Loserville: Obama Is Channeling Kerry and Gore
By Dave Lindorff
Well, it’s happened, and it’s no surprise.
Barack Obama, the prospective Democratic presidential candidate, has managed to turn a 5-8 point lead over prospective Republican opponent John McCain into a 7-point deficit—a double-digit slide—in just two and a half months following a campaign that had voters really excited over his candidacy.
How did he manage this feat (which is documented in the latest latest Reuters/Zogby poll)? Simple: he followed the tried-and-true strategy of Democratic centrist advisers who have increasingly dominated his campaign since the end of the primaries, and who have a proven track record of producing Democratic electoral disasters now for several decades.
Like John Kerry and Al Gore before him, Obama, who ran his primary campaign as a liberal, staking out an anti-war position, has morphed over recent weeks into a Republican-lite candidate, calling for a hard line against Palestinian rights, threatening to attack Iran, calling for an expansion of the disastrous war in Afghanistan, and backing away from genuine health care reform and other important progressive goals here at home.

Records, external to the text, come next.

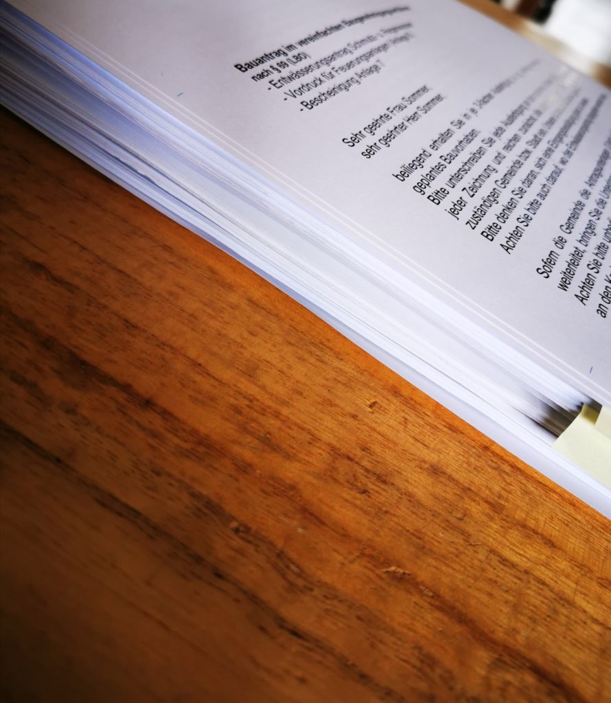 Jetzt heißt es wieder warten. Im schlimmsten Fall 12 Wochen (12 Wochen ist die maximale Bearbeitungszeit, die der Staat dafür verlagen kann und nennt sich „beschleunigtes Bauantragsverfahren“), wenn wir Glück haben kommt die Genehmigung schon eher.
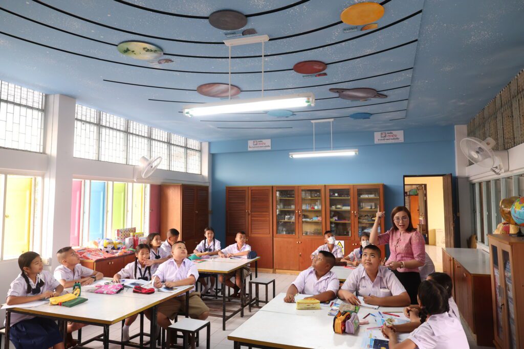 นายอนุพงษ์ กล่าวเพิ่มเติมว่า ยิปซัมตราช้าง ได้ทำการปรับปรุงพื้นที่การเรียนรู้ภายในโรงเรียนวัดหนองอ้อ จังหวัดราชบุรี ซึ่งเป็นโรงเรียนอนุบาลและประถมศึกษามีนักเรียน 129 คน โดยมีความจำเป็นเร่งด่วนในการซ่อมแซม โดยเฉพาะเพดานห้องเรียนที่เสียหายอย่างหนักจากสภาพอากาศ ปัญหารั่วซึมจากหลังคา และการใช้งานที่ยาวนาน โดยเรามีการออกแบบและเลือกยิปซัมโซลูชั่นตราช้างของเรามาใช้ให้เหมาะกับการใช้งาน เช่น ยิปซัมแผ่นเอคโค่บล็อค ตราช้าง จะช่วยลดเสียงสะท้อนในห้องเรียนช่วยลดความก้องของเสียง ทำให้การฟังชัดเจนขึ้น สร้างสมาธิในการเรียนและเข้าใจเนื้อหามากขึ้น ทำให้การเรียนการสอนมีประสิทธิภาพมากขึ้น แผ่นฮีทบล็อค ตราช้าง จะช่วยกันร้อน ลดความร้อนในห้องเรียน ซึ่งจะช่วยทั้งกันร้อน กันชื้นและกันเชื้อราได้ด้วย ซึ่งช่วยสร้างสภาพแวดล้อมห้องเรียนให้เย็นสบาย รู้สึกสบายตัว แผ่นเวเทอร์บล็อค ตราช้าง สร้างภูมิทัศน์บรรยากาศของห้องเรียนให้ดูสะอาดตา และสวยงาม ด้วยคุณสมบัติ ทนน้ำ กันร้อน กันรา ป้องกันฝ้าบวม แอ่น ย้อย และคราบราดำ และที่สำคัญช่วยสร้างสภาพแวดล้อม และเสริมสร้างบรรยากาศ ที่ช่วยสนับสนุน และกระตุ้นการเรียนรู้ของน้อง ๆ นักเรียนได้เป็นอย่างดี
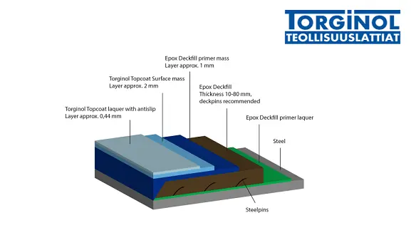 Suomalaisia Torginol- ja Epox-Torginol-laivankansimassoja käytetään sisä- ja ulkorakenteissa 4 – 80 mm:n kerrospaksuuksina. Joustavat ja kestävät Torginol-laivankansipäällysteet kestävät värähtelyä, alustan muodon muutoksia, suuria lämpötilanmuutoksia ja säärasitusta.

One might think that after watching Democratic candidates lose the last two presidential elections by following exactly this kind of “strategy,” if it can be called that, Obama and his campaign managers would have decided to try something different, but it appears that the Democratic Party at the top is hopelessly in the grip of corporate interests that favor war, free-market nostrums and corporate welfare. (Okay, I know Gore really won the 2000 election, but he should have won it so convincingly—for example taking New Hampshire and his home state of Tennessee—that the election couldn’t have been stolen. And Kerry, similarly, should not have had his race determined by a close vote in economically distressed Ohio, which should have been his by a blowout.)

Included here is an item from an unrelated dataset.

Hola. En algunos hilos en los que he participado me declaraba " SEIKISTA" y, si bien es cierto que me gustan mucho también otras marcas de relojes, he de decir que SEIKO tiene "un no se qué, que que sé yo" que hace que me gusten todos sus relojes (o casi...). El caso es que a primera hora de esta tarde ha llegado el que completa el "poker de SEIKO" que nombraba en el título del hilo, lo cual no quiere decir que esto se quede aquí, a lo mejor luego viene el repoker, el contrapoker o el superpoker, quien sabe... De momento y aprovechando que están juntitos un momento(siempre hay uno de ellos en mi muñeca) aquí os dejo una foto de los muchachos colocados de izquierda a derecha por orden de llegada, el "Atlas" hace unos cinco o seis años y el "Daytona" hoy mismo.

Obama got where he is—the first African-American major party nominee and the first black candidate with a real shot at winning the White House—by appealing to the Democratic Party’s liberal base. Now Zogby reports that Obama’s support among liberals has plunged 12 percent. That’s liberals folks!

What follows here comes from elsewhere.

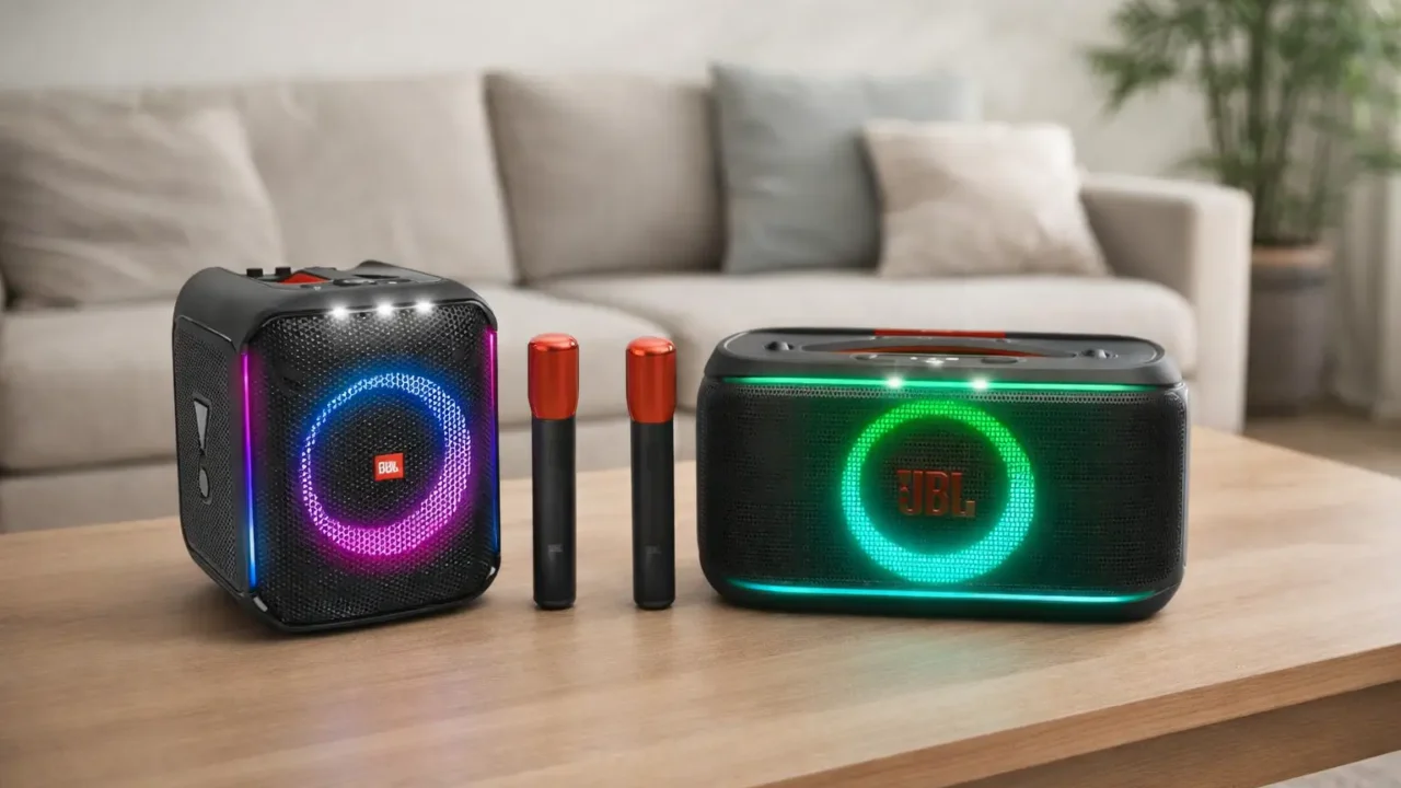 Pensando nisso, reunimos quatro modelos da linha PartyBox com foco em festas e karaokê. A ideia aqui é organizar as opções com base no que cada uma entrega — como presença de microfone, efeitos de luz, resistência a respingos e formas de conexão — para facilitar a decisão de acordo com o seu cenário.

I count myself among those on the left who have turned away from this fast-talking eel of a candidate.
It’s not a matter of turning to McCain, who is if anything more dangerous than President Bush because of his fondness for war and his evident lack of any kind of principles, not to mention his personal greed.
But how can I or any progressive vote for a presidential candidate who goes from opposing a war to saying he not only supports the idea of keeping troops in Iraq for another five years—the length of the entire WWII!—but who further says he won’t rule out attacking Iran, even if that country poses no imminent threat to the US, simply because it develops nuclear weapons—the same weapons that our putative friends, Pakistan and India, have? How can I vote for a candidate who wants to expand the military (by 65,000 troops) instead of shrinking this huge, bloodsucking parasite of an organization which is costing as much as the rest of the world spends on its armies?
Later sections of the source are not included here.